You always drive a Mini as if you are having fun. It is amazingly responsive and needs your attention the whole time but the result is motoring as it should be - fast but safe. The electric Mini has quite a harsh ride, probably as a result of the weight of the batteries but strangely it does add to the excitement.

As you can see, it looks the part and really turns heads. Or it might have been one large white-haired man, with an over-large smile on his face, at the wheel… that's when he wasn't going through gyrations trying to clip the dogs into their harnesses.

While the price of the electric Mini starts at €27,764 on the road, after €10,000 of grants and rebates are factored in, very few Mini owners are not lured by the extras list and the test car had a spec which put it into a ridiculous stratosphere of nearly €45,000.

As a toy for the very rich that would be fine, for the ordinary punter it is stupid. However, for around €2,500 on the entry price you can get a nice Level 2 package and the Level 3 package at €35,445 gives you everything you want.

But there is one thing that no extra money or different level will give you - and that is extra range from the 32kwh battery.

While the Mini Electric claims it can have a range of 270km; even when I fully charged it twice, it showed just more than 160km - and that started to go very fast if you weren't using the regenerating power of the brakes around town.

However, it will power up very quickly at a fast-charging station or over a number of hours home charging through either a wall-box or three-pin plug. That's all very well - but this is a car for the open road and not just an urban runabout, and 160km is very low compared with the new small EVs coming from Renault, Peugeot and Opel. It is also a long, long way from the high 400km of the Kia Niro and Hyundai Kona - and, of course, the Tesla Model 3 Series, whose sales are going through a massive boom, both here and abroad.

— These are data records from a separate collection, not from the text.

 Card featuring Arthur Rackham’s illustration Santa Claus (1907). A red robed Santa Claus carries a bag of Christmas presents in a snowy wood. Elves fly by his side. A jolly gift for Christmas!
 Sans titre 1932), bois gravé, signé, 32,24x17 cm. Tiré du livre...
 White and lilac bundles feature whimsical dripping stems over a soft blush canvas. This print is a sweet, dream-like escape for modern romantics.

A couple of years on, when our charging network is better it would be fine, but if I was living in Donegal or Kerry the car wouldn't be a runner, which is a pity.

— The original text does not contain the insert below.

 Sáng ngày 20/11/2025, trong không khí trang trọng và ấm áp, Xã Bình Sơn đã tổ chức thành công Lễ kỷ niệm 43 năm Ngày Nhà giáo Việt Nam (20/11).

There will be a bigger battery pack eventually housed in the four-door versions which will do the trick; but, for the moment, the electric Mini is not for me. It's a lot of fun - but not practical in many ways.

*******

Talking of Donegal, we are off to the county in three weeks or so for a few days at Rathmullan House Hotel. It will be the most motoring I have done for quite a while. On the way up we will divert to Dooey so that we can take a picture of our rescue dog on the beach with which she shares a name.

We had her and our Jack Russell, Ziggy, on a beach last Sunday for the first time since the lockdown started. They just loved it and we can't wait to see them race down together to the sands at Rathmullan.

My son Marcus, who lives in London, had a lovely present for Father's Day delivered to me and it whetted our appetite for going north to the Forgotten County. It was a hamper of wine, sauces, cheese, snacks and oil made up by Nancy's Bar in Ardara.

Pride of place was given to a selection of beers from the Kinnegar brewery, founded up the road from our holiday hotel. I will be toasting him with a can of Scraggy Bay this afternoon.